EXERCISE BRIEF: Return the line containing "Medidor láser de" together with every later line up to the end of the records, exactly and with no pictures; return nothing else.

━━━━━ DATA UNDER STUDY

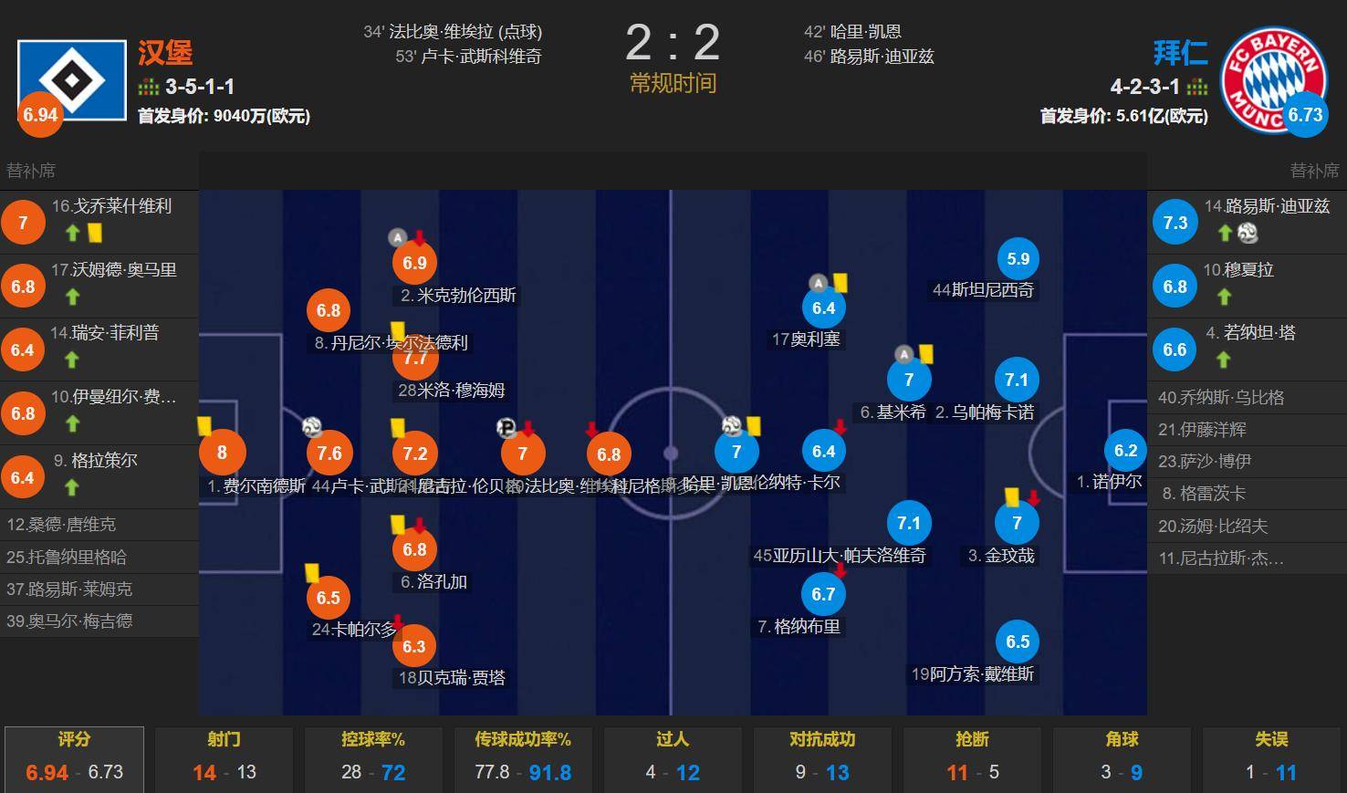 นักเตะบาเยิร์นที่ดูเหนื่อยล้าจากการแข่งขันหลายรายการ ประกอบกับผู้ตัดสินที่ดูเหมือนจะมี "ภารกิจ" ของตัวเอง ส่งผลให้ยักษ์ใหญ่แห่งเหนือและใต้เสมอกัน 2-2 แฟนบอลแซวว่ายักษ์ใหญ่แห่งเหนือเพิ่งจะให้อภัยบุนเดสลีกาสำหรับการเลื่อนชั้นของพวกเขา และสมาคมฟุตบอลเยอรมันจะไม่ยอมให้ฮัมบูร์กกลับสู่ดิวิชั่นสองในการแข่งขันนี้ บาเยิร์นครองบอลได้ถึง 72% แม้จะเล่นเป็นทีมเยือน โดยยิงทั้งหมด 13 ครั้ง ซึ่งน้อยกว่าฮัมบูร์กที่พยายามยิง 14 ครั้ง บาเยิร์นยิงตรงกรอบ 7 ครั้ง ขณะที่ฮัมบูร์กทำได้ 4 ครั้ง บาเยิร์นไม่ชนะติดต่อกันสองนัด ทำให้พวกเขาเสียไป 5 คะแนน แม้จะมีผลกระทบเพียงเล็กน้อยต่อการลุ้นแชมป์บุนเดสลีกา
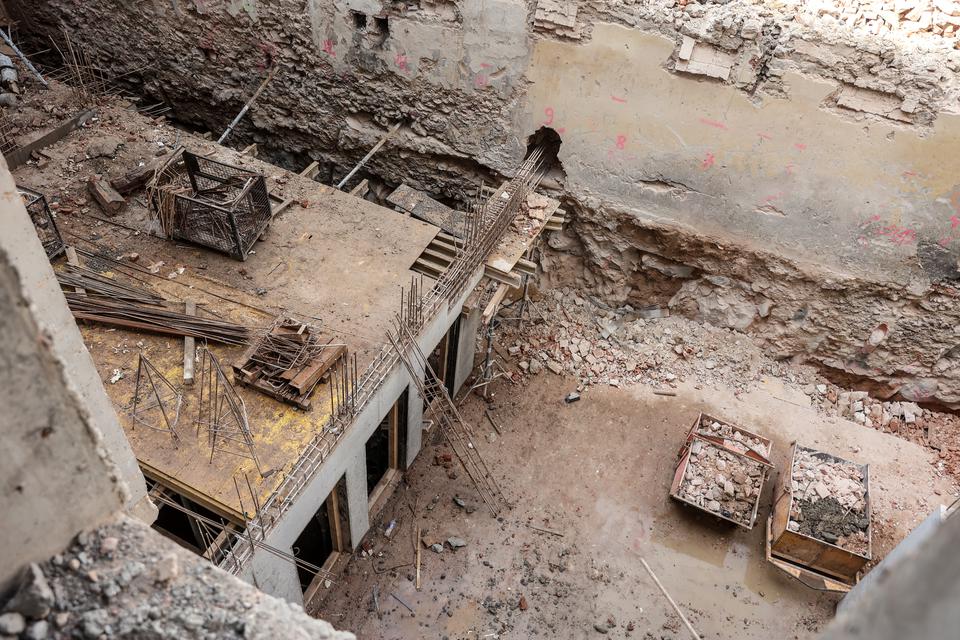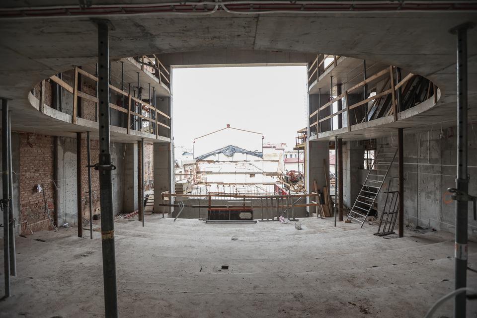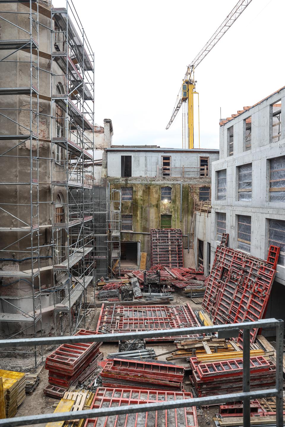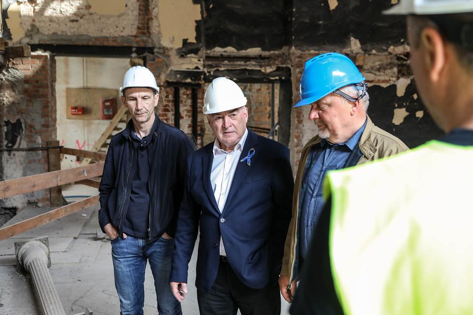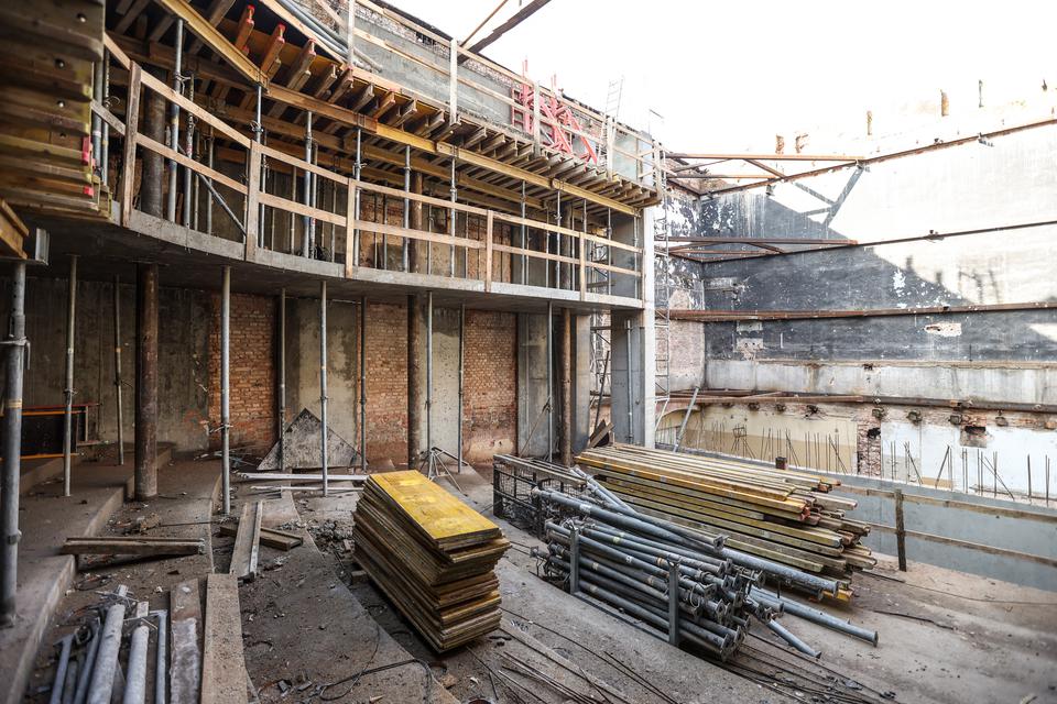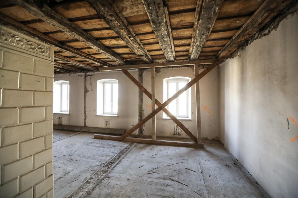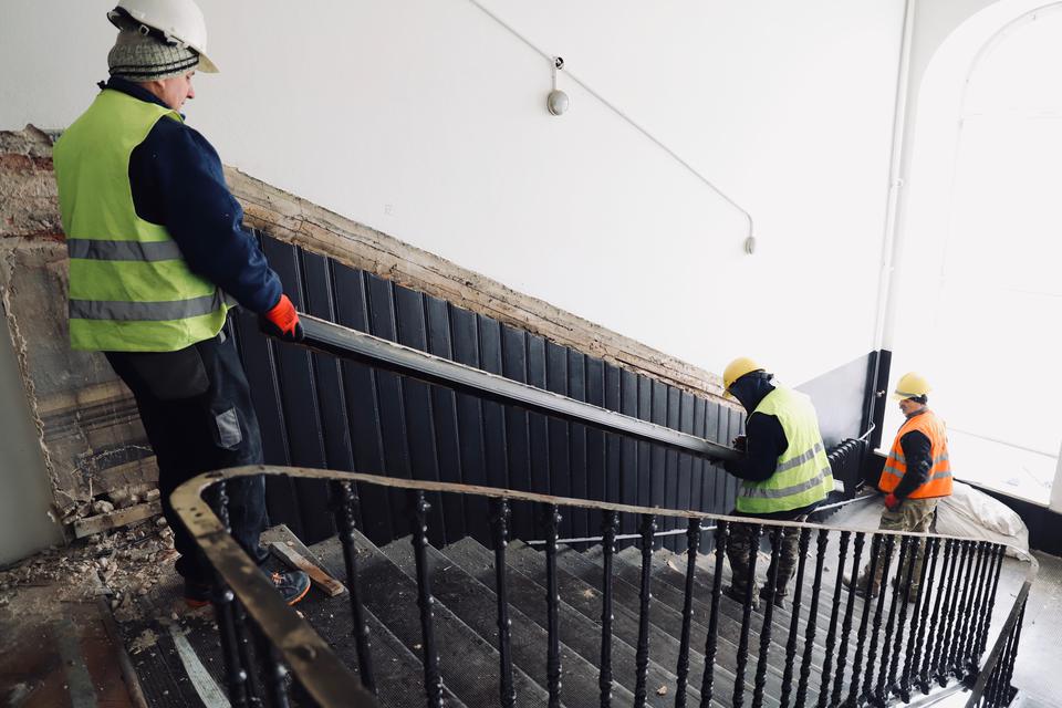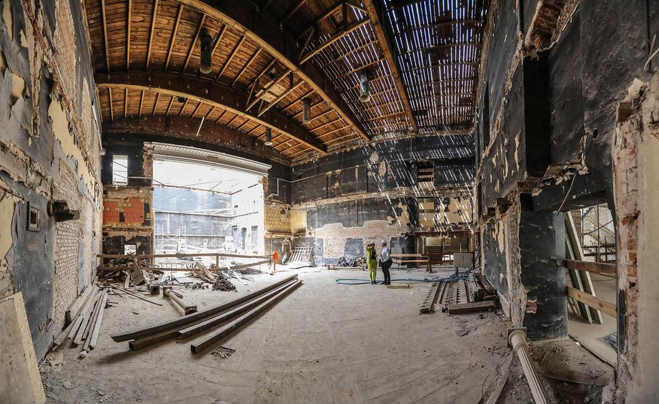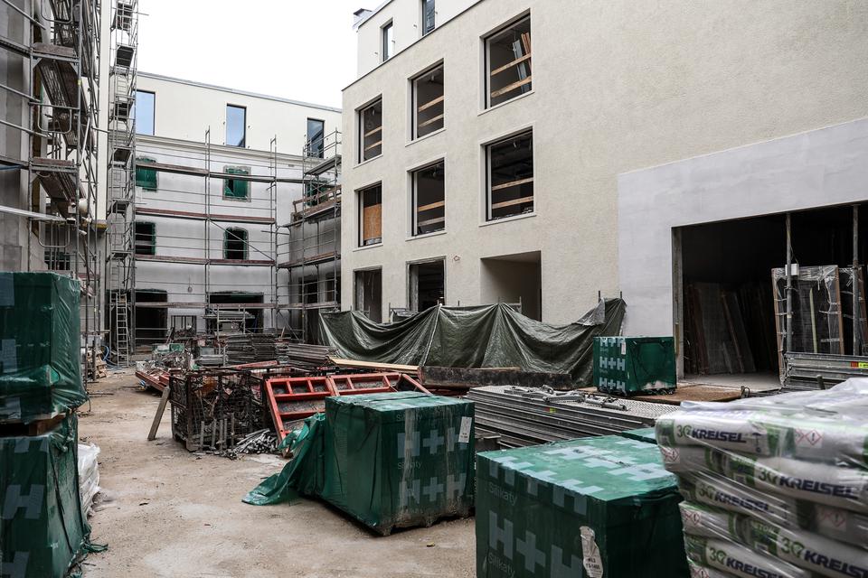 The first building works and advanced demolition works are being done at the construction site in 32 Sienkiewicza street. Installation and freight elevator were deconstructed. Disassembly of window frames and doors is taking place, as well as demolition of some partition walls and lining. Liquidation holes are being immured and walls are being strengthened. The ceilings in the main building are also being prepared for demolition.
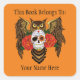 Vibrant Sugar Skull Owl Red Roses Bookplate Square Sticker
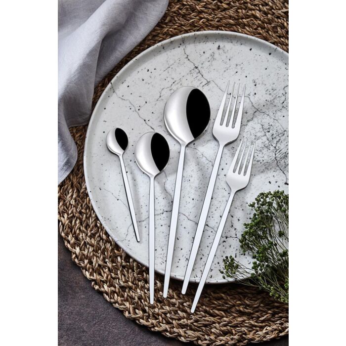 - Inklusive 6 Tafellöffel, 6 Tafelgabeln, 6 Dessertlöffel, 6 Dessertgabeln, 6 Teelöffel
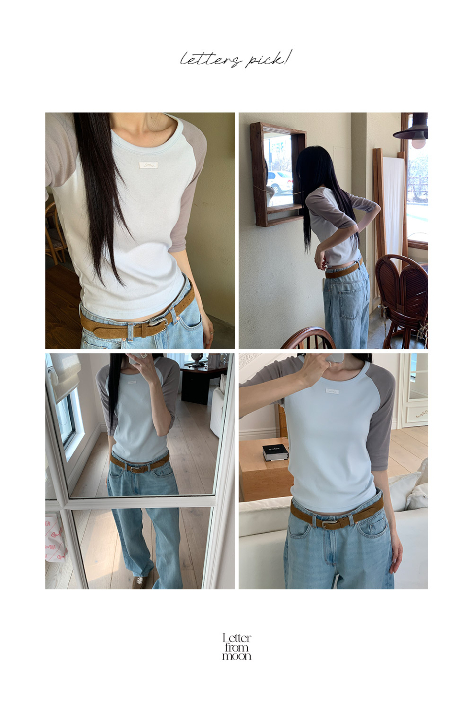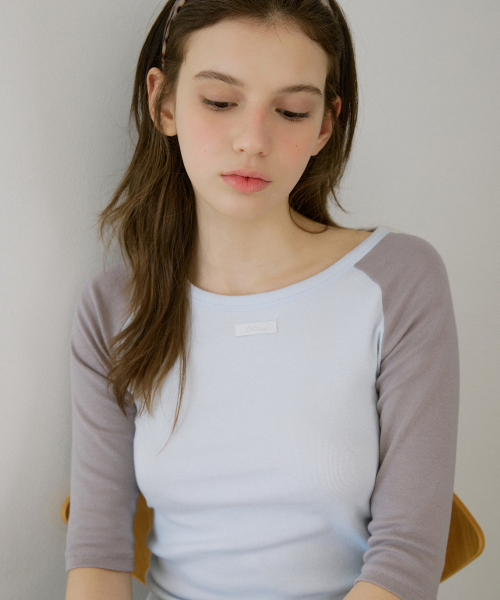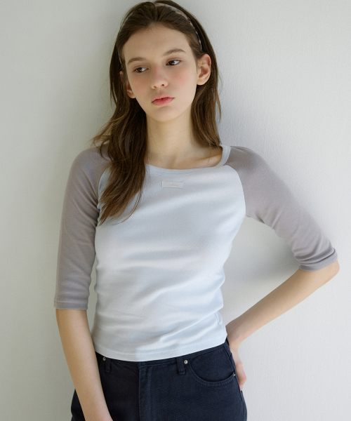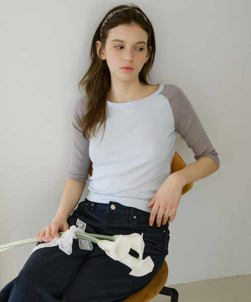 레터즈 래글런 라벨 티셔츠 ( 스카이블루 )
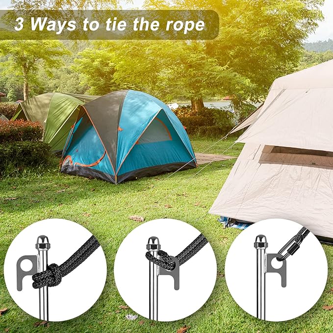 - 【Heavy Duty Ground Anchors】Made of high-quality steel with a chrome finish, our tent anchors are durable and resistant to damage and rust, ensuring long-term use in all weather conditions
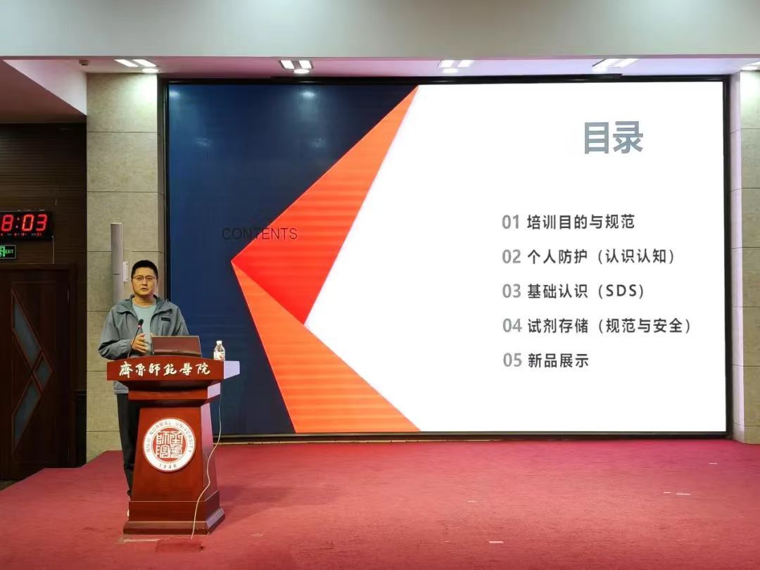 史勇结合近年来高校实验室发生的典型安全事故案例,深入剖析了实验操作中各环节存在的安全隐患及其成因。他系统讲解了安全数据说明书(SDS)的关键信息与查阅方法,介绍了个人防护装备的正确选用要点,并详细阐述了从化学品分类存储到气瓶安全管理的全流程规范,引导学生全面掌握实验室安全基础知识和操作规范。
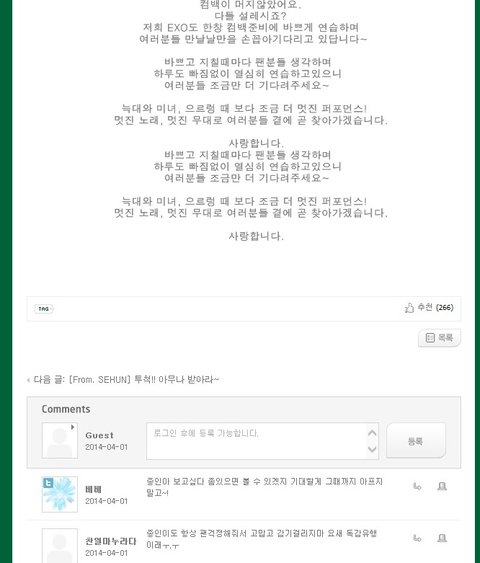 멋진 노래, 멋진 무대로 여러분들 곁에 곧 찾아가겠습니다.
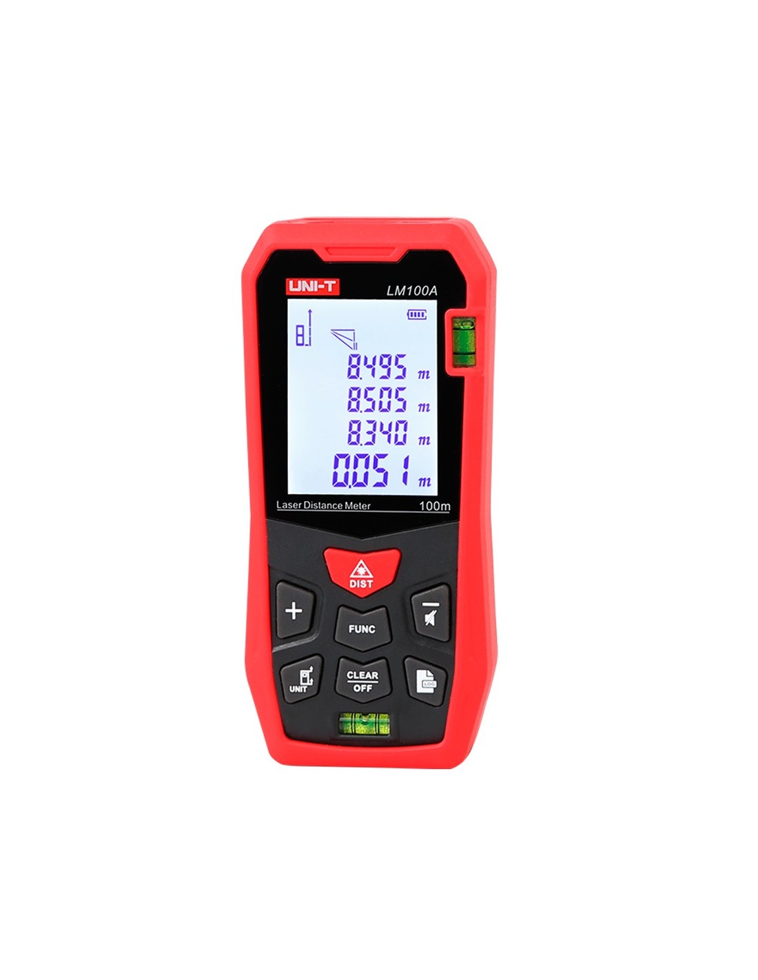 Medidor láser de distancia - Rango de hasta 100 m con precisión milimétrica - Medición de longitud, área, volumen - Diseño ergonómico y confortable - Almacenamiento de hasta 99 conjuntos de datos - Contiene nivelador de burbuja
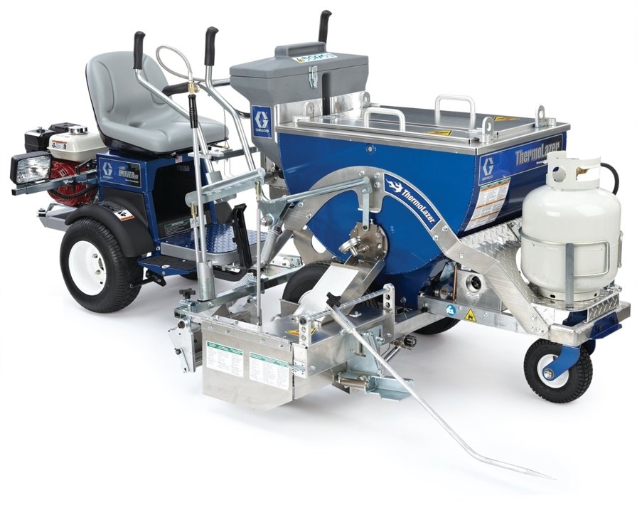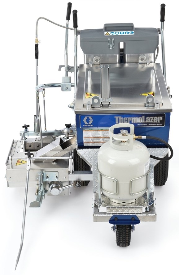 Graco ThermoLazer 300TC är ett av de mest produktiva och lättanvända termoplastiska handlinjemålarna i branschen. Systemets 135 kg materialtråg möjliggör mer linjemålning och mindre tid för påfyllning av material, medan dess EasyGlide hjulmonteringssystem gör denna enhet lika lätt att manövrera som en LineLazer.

━━━━━━━━━━

TASK RESULT:
 Medidor láser de distancia - Rango de hasta 100 m con precisión milimétrica - Medición de longitud, área, volumen - Diseño ergonómico y confortable - Almacenamiento de hasta 99 conjuntos de datos - Contiene nivelador de burbuja
 Graco ThermoLazer 300TC är ett av de mest produktiva och lättanvända termoplastiska handlinjemålarna i branschen. Systemets 135 kg materialtråg möjliggör mer linjemålning och mindre tid för påfyllning av material, medan dess EasyGlide hjulmonteringssystem gör denna enhet lika lätt att manövrera som en LineLazer.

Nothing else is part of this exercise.